Thursday 14 January 2010

Local firewater #1: Pox

Pronounced: Posh
Made from: Sugarcane
Tastes like: Alcohol
Best served: Mixed with murky fruit juice in a plastic glass to a chattery room full of confused, sniffing men dressed like Dave Lister. Add deafening reggaeton music to taste.


I've been greatly inspired by this list of regional alcoholic drinks. I'm treating it as something of a to-do list for the next few months.

Upcoming highlights could include:
chorreado: in Mexico State, Morelos and Guerrero, a mixture of whiskey, milk, chocolate, sugar, and, sometimes, egg

huazamoteco: in Durango, alcohol diluted with water, with tequila

torito: dozens of recipes; in Mexico State, it is often tequila or rum mixed with orange juice, vinegar, onion and chili pepper; in Guerrero, mescal cured with vinegar, green chili pepper, onion, tomato, and cheese; in Veracruz, rum with fruits, such as guava, mamey, limon and peanuts, mixed with condensed milk, regular milk, and ice.

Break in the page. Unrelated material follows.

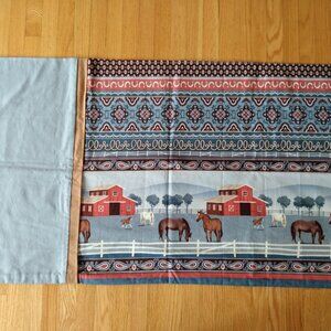 Vintage Horse Pillowcase Farm Barn Country Western Scene Handmade Pillow Case
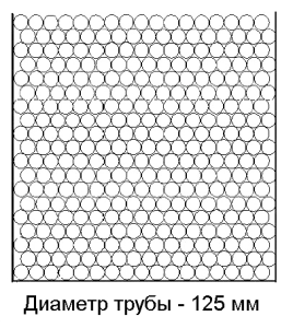 Труба Ø 125Количество труб: 323 шт. Количество, п.м.: 12 п.м. – 3876 п.м.; 12,5 п.м. – 4037,50 п.м.; 13 п.м. – 4199 п.м. Высота загрузки: 2,38м. Количество рядов: 19 шт. (в рядах по 17 шт.) |

Readers connected to the sponsorship departments at Rennies, Tums, Alka-selzter or Pepto-bismol should note that my email address remains at the top of the page. Lets talk.

The list is from the Mexican Mercados website, an idiosyncratic guide to the markets of Mexico. I particularly like their taxonomy of fruit: small, roundish, yellow fruits; baseball-sized fruits and Misc. large fruits which has so far proven very useful.